**Raw data**
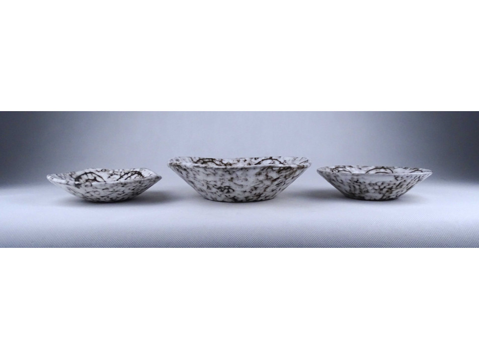 Retro, hibátlan állapotú, nagyméretű, fekete - fehér színű, márványos jellegű csigás mázzal díszített, jelzetlen hódmezővásárhelyi kerámia tál csomag, három darab egyben.
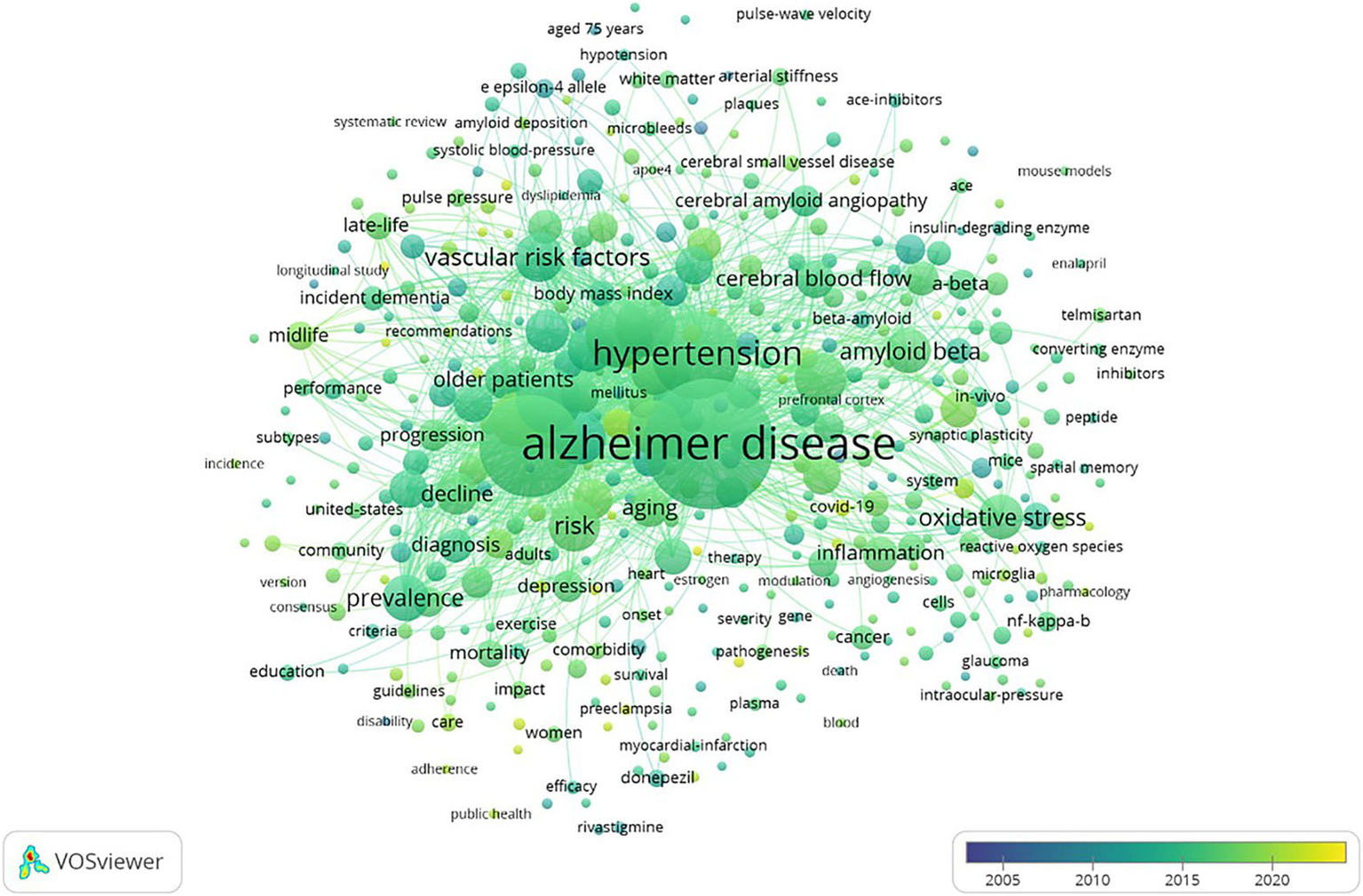 Literature on AD and hypertension was retrieved from the Web of Science Core Collection (WoSCC) database between 2004 and 2023. Data regarding countries, institutions, authors and journals were sourced from WoSCC. CiteSpace and VOSviewer were used for data visualization, including author collaboration, timelines view of references, reference bursts and overlay visualization maps of keywords. Excel 2018 software was used for the statistical analysis.
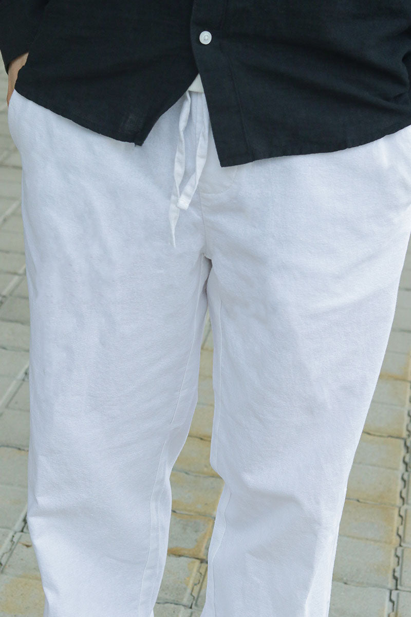 Sinus Loose Cotton Linen Pants Bright White

**Activity**
Pictures are to be left out; repeat all the remaining data exactly.

**Your response**
 Retro, hibátlan állapotú, nagyméretű, fekete - fehér színű, márványos jellegű csigás mázzal díszített, jelzetlen hódmezővásárhelyi kerámia tál csomag, három darab egyben.
 Literature on AD and hypertension was retrieved from the Web of Science Core Collection (WoSCC) database between 2004 and 2023. Data regarding countries, institutions, authors and journals were sourced from WoSCC. CiteSpace and VOSviewer were used for data visualization, including author collaboration, timelines view of references, reference bursts and overlay visualization maps of keywords. Excel 2018 software was used for the statistical analysis.
 Sinus Loose Cotton Linen Pants Bright White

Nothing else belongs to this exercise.